#### REQUIREMENT:
After locating the line with "Superbe carte postale" below, output it and each following line exactly, stopping after the line with "4月2日,西藏林芝市第二十三". No pictures.

********

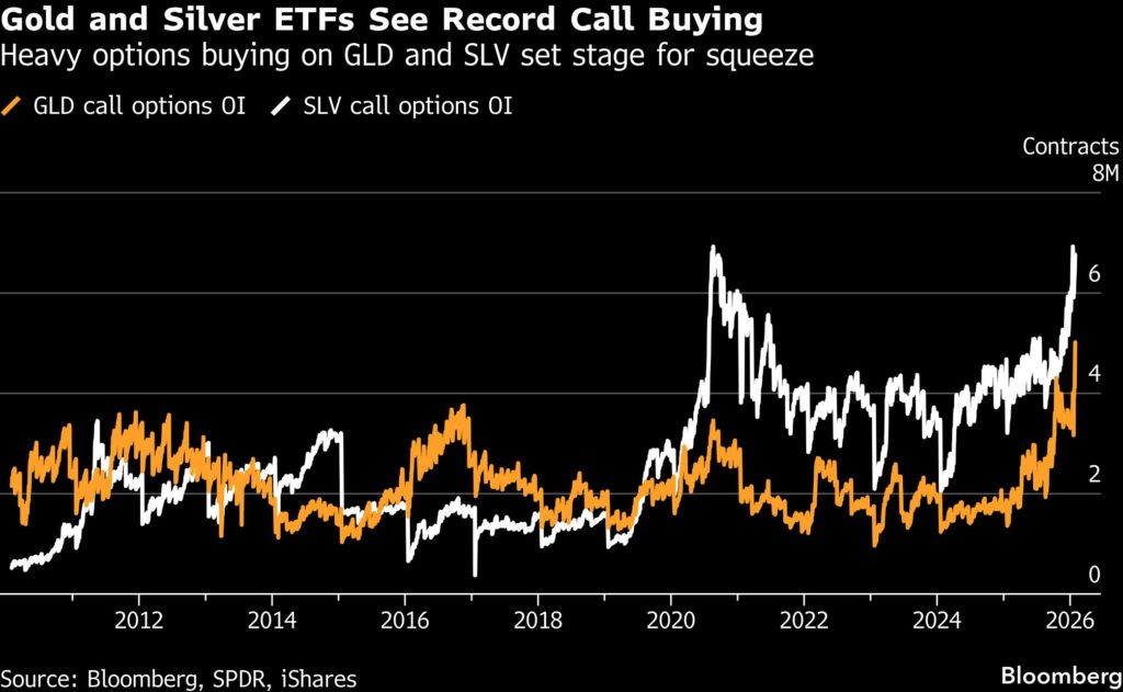Seen by some investors as a cheap way to bet on market rallies, posts on the Reddit groups that had helped power previous retail surges into silver showed the gains of over 1,000% that could be made from betting on silver’s rapid climb. The biggest gold and silver ETFs each saw record open interest and trading volumes on call options in recent weeks, and the volume of call options on SLV exceeded that of the main ETF that tracks the Nasdaq 100 index of tech stocks.
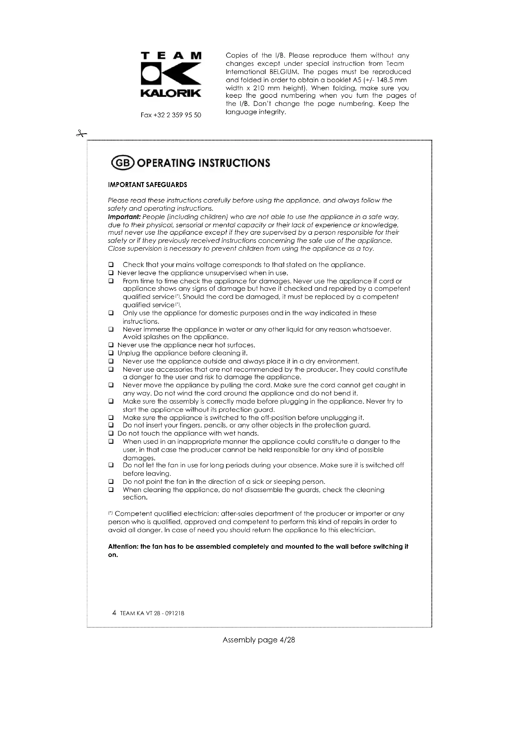 KA VT 28 - Fan TEAM - Free user manual and instructions
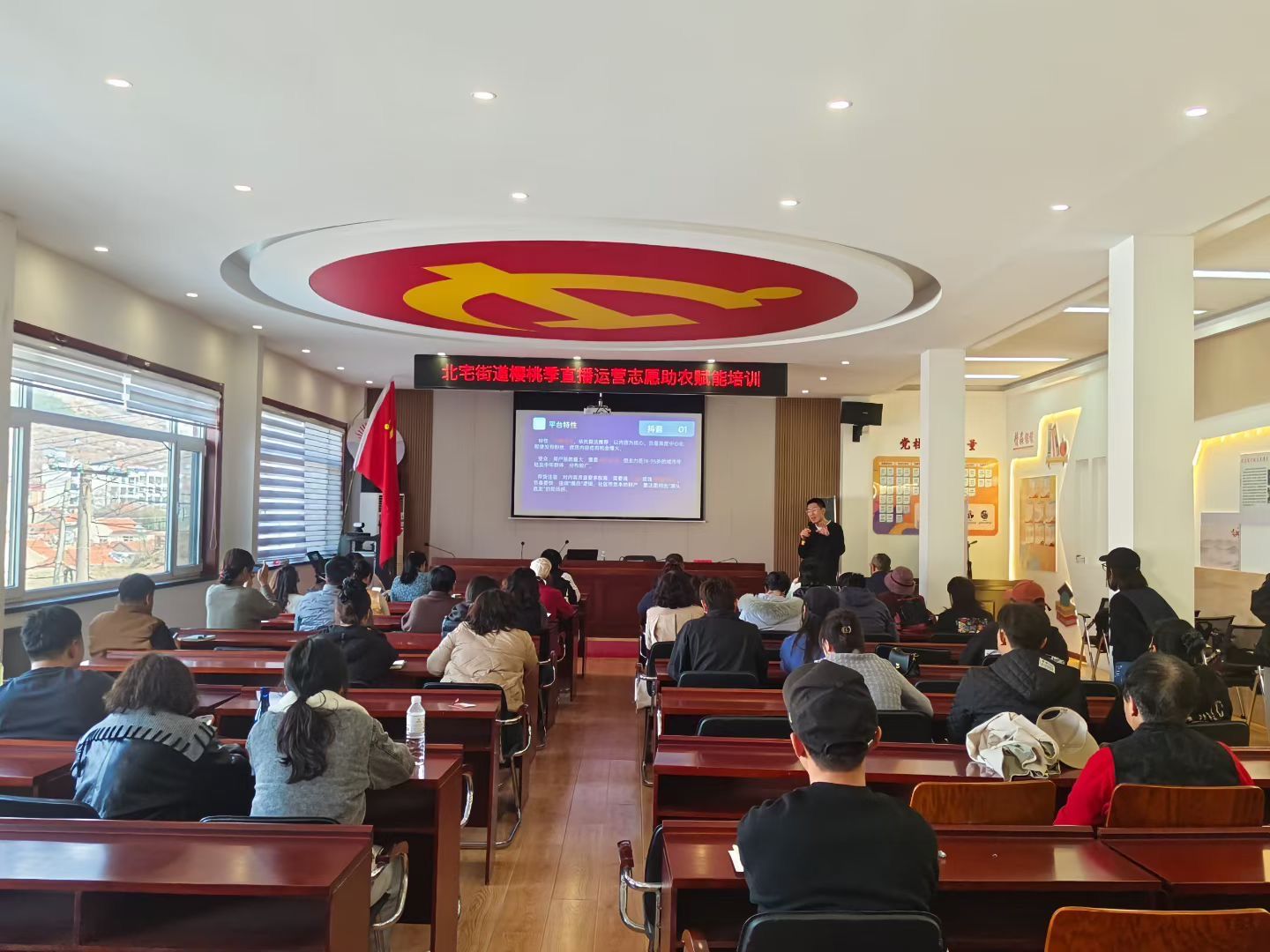 3月25日下午,“社工赋能助农 志愿聚力兴村”北宅街道社工站樱桃季直播运营志愿助农赋能培训在崂山举行。在两个半小时的课程中,专业讲师围绕极简直播间搭建、樱桃带货话术、小黄车挂载等实用主题展开讲解,并进行现场答疑。本次培训吸引了辖区樱桃种植农户、困难群众、村书记、新农人等数十人参与,为即将到来的樱桃季销售注入了强劲的“云动力”。
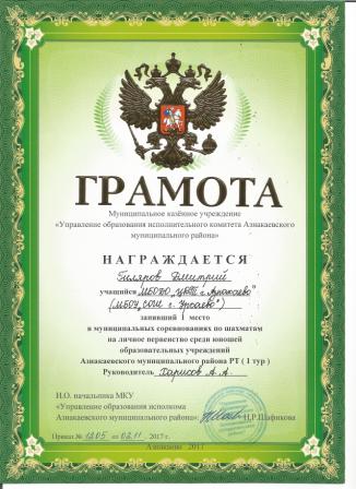 1 место в муниципальных соревнованиях по шахматам на личное первенство (Гиляров Д., Харисов А.А.)
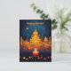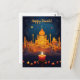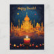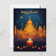 Superbe carte postale Diwali avec vue nocturne d'un temple et texte personnalisé au milieu dans les tons jaune et orange sur arrière - plan foncé
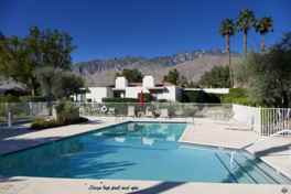 Vacation in this gated South central Palm Springs community, adjoining the Prescott Preserve, with a private access gate for quiet nature strolls! There are 4 tennis courts and 2 pickleball courts close by. Also, enjoy the pool and spa just steps from the back patio with sweeping mountain views.
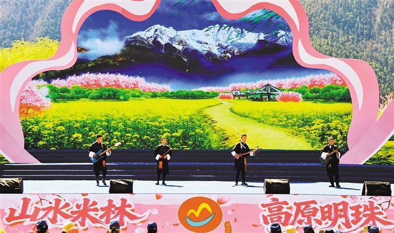 4月2日,西藏林芝市第二十三届桃花旅游文化节米林分会场开幕式在米林市扎西绕登镇彩门云上桃源景区举行。
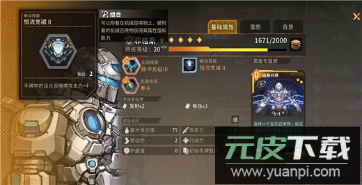 被动技能恒流充磁能提升手牌中组合牌的攻击力;组合牌的核心机制在于叠加伤害,而菲格斯能实现快速叠伤。

********

#### WRITTEN SOLUTION:
 Superbe carte postale Diwali avec vue nocturne d'un temple et texte personnalisé au milieu dans les tons jaune et orange sur arrière - plan foncé
 Vacation in this gated South central Palm Springs community, adjoining the Prescott Preserve, with a private access gate for quiet nature strolls! There are 4 tennis courts and 2 pickleball courts close by. Also, enjoy the pool and spa just steps from the back patio with sweeping mountain views.
 4月2日,西藏林芝市第二十三届桃花旅游文化节米林分会场开幕式在米林市扎西绕登镇彩门云上桃源景区举行。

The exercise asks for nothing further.